### REQUIRED WORK
Once the line with "2025年8月7日至9日,以" is found in the entries below, print it and each following line exactly, stopping after the line with "Fortunately two boats"; print nothing else.

### SUPPLIED ENTRIES
[Start of section]

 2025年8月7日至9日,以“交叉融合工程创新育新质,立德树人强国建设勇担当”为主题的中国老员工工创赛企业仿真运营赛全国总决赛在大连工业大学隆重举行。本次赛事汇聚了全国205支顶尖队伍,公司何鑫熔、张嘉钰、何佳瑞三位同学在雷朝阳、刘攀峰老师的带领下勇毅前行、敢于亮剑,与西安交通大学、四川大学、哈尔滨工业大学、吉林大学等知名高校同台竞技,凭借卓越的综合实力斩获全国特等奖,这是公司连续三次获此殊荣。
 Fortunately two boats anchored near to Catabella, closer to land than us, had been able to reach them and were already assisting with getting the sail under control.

[End of section]
[Start of section]

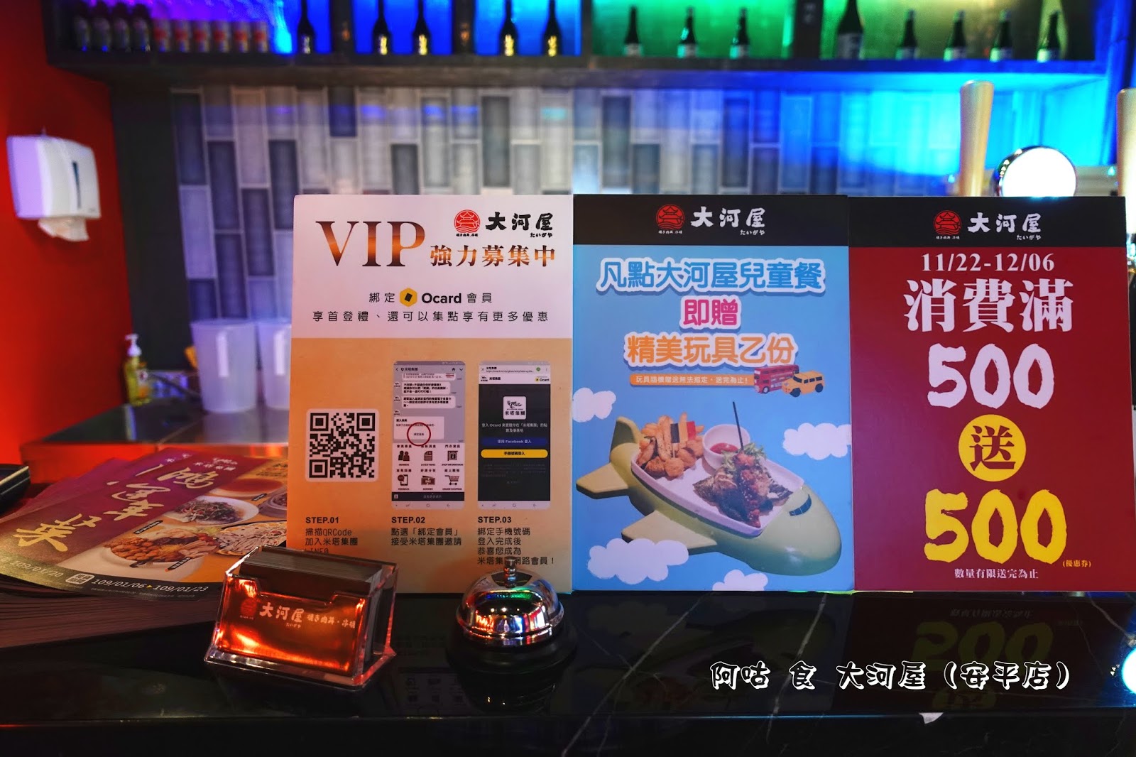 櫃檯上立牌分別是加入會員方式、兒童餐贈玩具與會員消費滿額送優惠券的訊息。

[End of section]

### ANSWER AREA
 2025年8月7日至9日,以“交叉融合工程创新育新质,立德树人强国建设勇担当”为主题的中国老员工工创赛企业仿真运营赛全国总决赛在大连工业大学隆重举行。本次赛事汇聚了全国205支顶尖队伍,公司何鑫熔、张嘉钰、何佳瑞三位同学在雷朝阳、刘攀峰老师的带领下勇毅前行、敢于亮剑,与西安交通大学、四川大学、哈尔滨工业大学、吉林大学等知名高校同台竞技,凭借卓越的综合实力斩获全国特等奖,这是公司连续三次获此殊荣。
 Fortunately two boats anchored near to Catabella, closer to land than us, had been able to reach them and were already assisting with getting the sail under control.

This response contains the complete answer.